Ogeechee Lime - actually a Tupelo not a citrus

unnamed pricky pear - cactus do fine here if you plant them in a mound of gravel. The fruit doesn't seem to have the intensity of flavor I remember from out west so I plan on harvesting these early and see if that helps.

Cranberries - you don't need bog but you do need acid soil and near constant weeding to keep them happy.

no name trees grown from seed (from named cultivars). The worst thing about pawpaws is that you get a landslide of fruit at one time. Kitchen fridge is full, basement chest freezer is full...

Everything else in the veggie garden is crispy yet this one lonely rhubarb keeps chugging along (don't tell him that we've been over 100 degrees)

Got watermelons planted late but even with the drought they're happy.

Temperate Fruit Discussion / Re: Ogeechee Lime seedlings blooming
« on: April 27, 2017, 08:30:02 AM »
The tree I saw was past the fruiting stage and the fruit I gathered off the ground was pretty rotten so I didn't taste them.

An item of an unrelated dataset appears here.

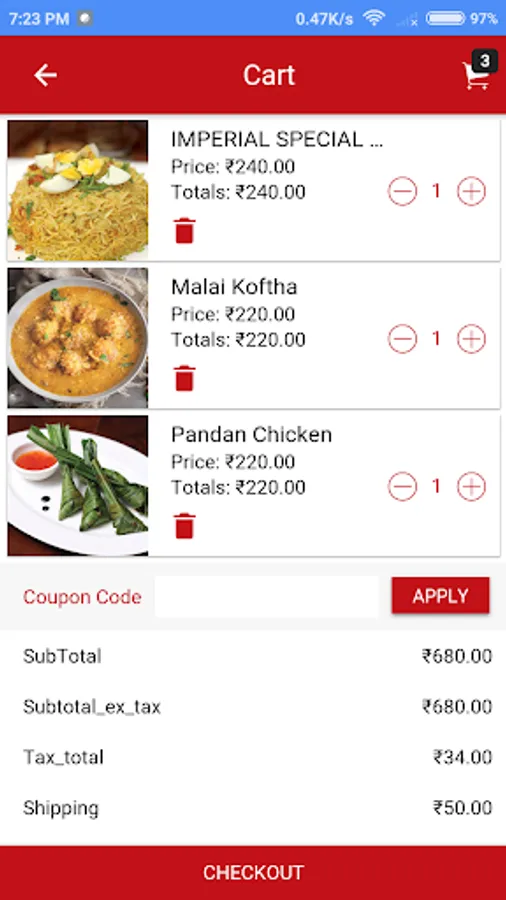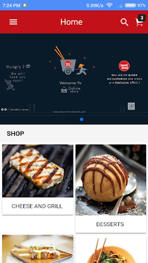 At Imperial Kitchen, we serve an array of traditional as well as fusion cuisines from various parts of the world, from Italian Pizza and Pasta to fish green mango curry brought from the backwaters of Kerala. We have equipped our menu with something or the other for every discerning palate. For better understanding, and ease of choice, we have laid out our menu with separate branding for each type of cuisine we serve, i.e. “Cheez n’ Grill” for Continental, “Nooshi” for Chinese & Thai, “Vibhav” for Indian and “Lebnani” for Arabic cuisines.

The person showing me the tree said that they are very sour and have to be watered down a lot in order to use them (he didn't like them). I've been hand pollinating them and it looks like they are fertilized so I should have fruit to taste this summer.

I've always heard that this type of tupelo only grows wild along the Ogeechee river but at another stop on that day of tours a nursery owner told me that he grows tons of them to sell as seedlings to the stream bank restoration companies throughout the state (SC) so they are now planted along many rivers and streams.

They're supposed to be hardy to zone 7 (I'm zone 7b).